Ah… about Bullfighting at San Isidro.. I will let my buddy Sue, a writer who lives in Barcelona, tell you more about it, in today’s guestpost, right here..
The torero with nerves of steel in Corrida Vic-Fezensac (France) 2013
Pictures credit: Romain Tastet (do check out this awesome photoset on Flickr – the images are magnificent!)
A fight between man and a weakened, enraged bull can never be a fair fight. Were he not drained of blood and strength prior to the actual fight with the torero (bullfighter), by lancers followed in the second phase by three banderillas who each attempt to plant two barbed sticks each in the bull’s shoulders, there would be no bullfighting at all. For a bull weighs up to 600kg – sheer muscle and sinew – and is a lethal beast.
This “art form” prevails in Mexico, Portugal, the south of France and many Central and South American countries, apart from Spain (it is banned in Catalonia). It’s easy to vilify bullfighting, as an editorial in The Boston Globe did on the 27 of May”. And it seems to be a tradition on the wane, with less than 9 per cent of Spaniards saying they attend bullfights at all.

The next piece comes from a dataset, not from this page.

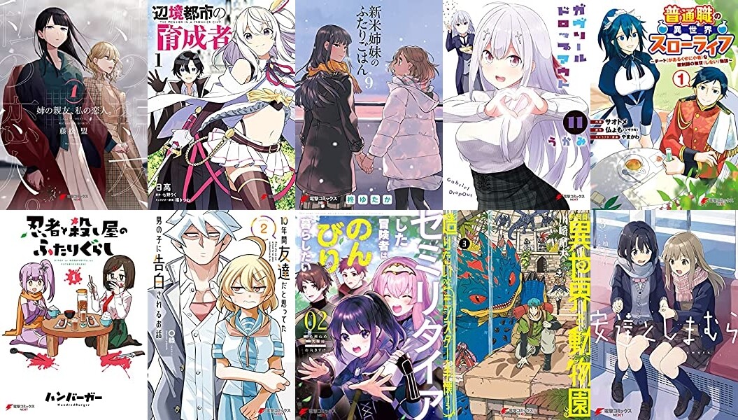セールとなっているのは、「姉の親友、私の恋人。」「辺境都市の育成者」「新米姉妹のふたりごはん」「ガヴリールドロップアウト」「普通職の異世界スローライフ」「忍者と殺し屋のふたりぐらし」「10年間友達だと思ってた男の子に告白されるお話」「セミリタイアした冒険者はのんびり暮らしたい」などなど。
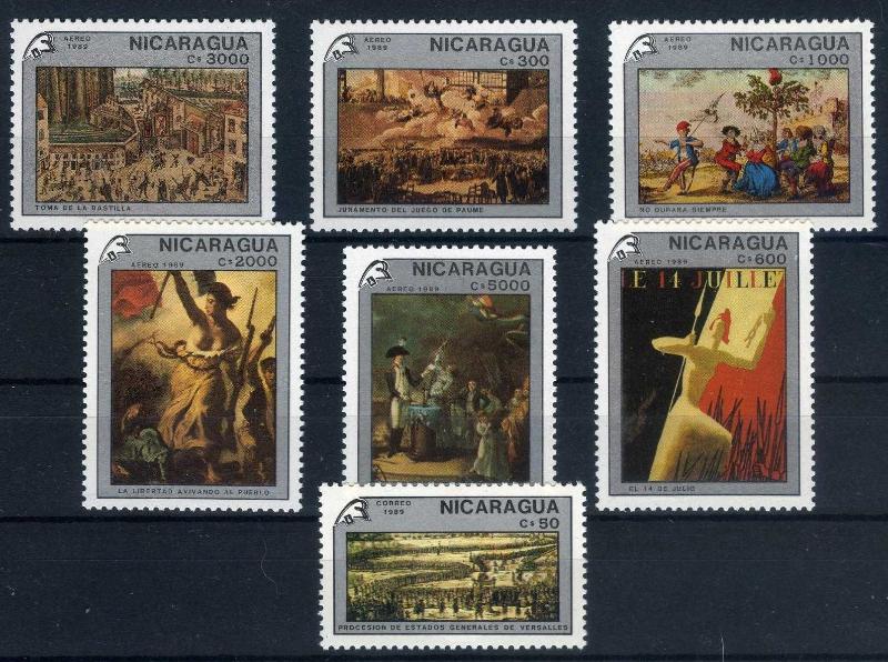 Nicaragua Postası 7 Pulluk Fransız İhtilali'nin 200.Yılı Anısına Damgasız Tam Seriyi Kullanıma Çıkarmıştır.

Aficionados nevertheless cling to bullfighting with passion, perhaps understanding on a visceral level what GK Chesterton, the prince of paradox, had to say about courage (even it be brutal courage) in 1908. It is “a strong desire to live taking the form of a readiness to die”. Of a soldier surrounded by enemies, Chesterton went further to say that, “he must seek his life in a spirit of furious indifference to it; he must desire life like water and yet drink death like wine.”
The Feria de San Isidro 2013 (which lasts from the 9th of May till the 2nd of June) in Madrid, is the most prestigious bullfighting event in the world. Novices and veterans from all over come here to test their mettle. Some, who play to the crowd with flamboyance, but who achieve to kill their bulls with sloppy moves, are derided by purists who would rather such bullfighters not be granted honours befitting grand masters. Others make it a veritable art – edging on the bull with intricate passes with their cape, done with clean, successive movements.
Though executed with bravado and elegance as the bull charges dead on toward the torero, a split second of misjudgment results in a goring. Such was the fate of José Ramón García ‘Chechu’, who, during the 18th bullfight with toros (bulls) of Montealto marked by bleak moments with occasional wind and rain, was thrown in the air by the bull, causing a wound of 25 cm in the back thigh. Alberto Aguilar, who substituted Fernando Cruz, faced an unpredictable first bull: just as Alberto was aiming to thrust his sword between the shoulder blades and into the aorta or heart of the beast – the moment in which man is most vulnerable – it lunged at him and missed Alberto by inches.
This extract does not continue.